▸ **About this task**:
Your reply should reproduce the data below without a single alteration, apart from dropping the images.
[Exercise data — start]
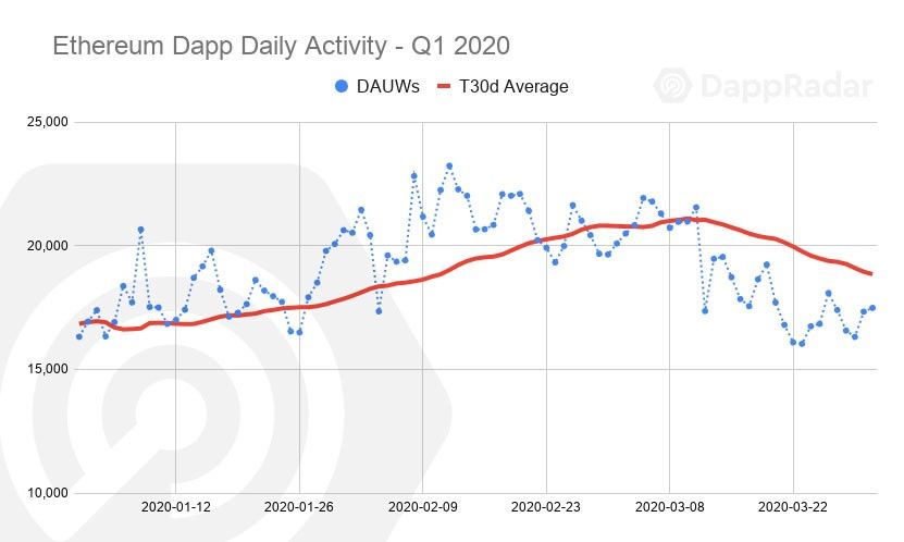Theo báo cáo của công ty phân tích DappRadar thì hệ sinh thái dapp của Ethereum đã tăng trưởng 16% về số ví riêng hoạt động tích cực hàng ngày trong quý 1/2020. Tính đến cuối tháng 3/2020, có 17.489 ví tích cực hoạt động trên Ethereum, tăng trưởng 64% so với 1 năm trước đó.
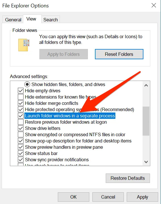 - You’ll see a number of options to enable and disable. Find the one that says Launch folder windows in a separate process and tick-mark it. Then click on Apply followed by OK .
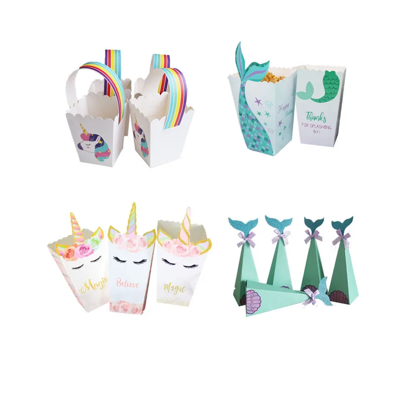 Принадлежности для вечерние с маленькой русалочкой, коробка для попкорна в виде единорога, женская сумка, украшение для детского дня рождения, свадьбы, вечеринки
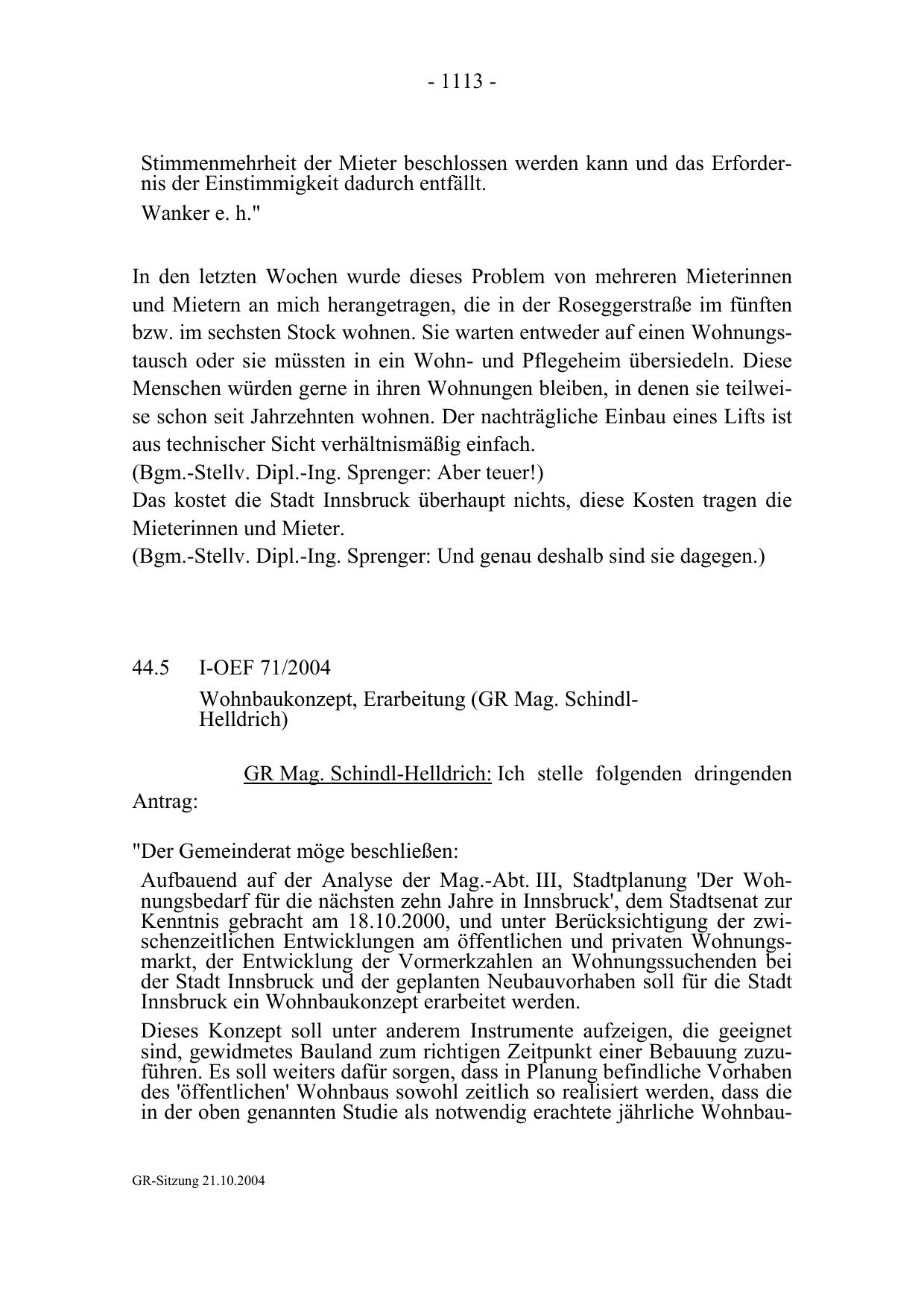 in der oben genannten Studie als notwendig erachtete jährliche WohnbauGR-Sitzung 21.10.2004
[Exercise data — finish]
▸ **Exercise answer**:
Theo báo cáo của công ty phân tích DappRadar thì hệ sinh thái dapp của Ethereum đã tăng trưởng 16% về số ví riêng hoạt động tích cực hàng ngày trong quý 1/2020. Tính đến cuối tháng 3/2020, có 17.489 ví tích cực hoạt động trên Ethereum, tăng trưởng 64% so với 1 năm trước đó.
 - You’ll see a number of options to enable and disable. Find the one that says Launch folder windows in a separate process and tick-mark it. Then click on Apply followed by OK .
 Принадлежности для вечерние с маленькой русалочкой, коробка для попкорна в виде единорога, женская сумка, украшение для детского дня рождения, свадьбы, вечеринки
 in der oben genannten Studie als notwendig erachtete jährliche WohnbauGR-Sitzung 21.10.2004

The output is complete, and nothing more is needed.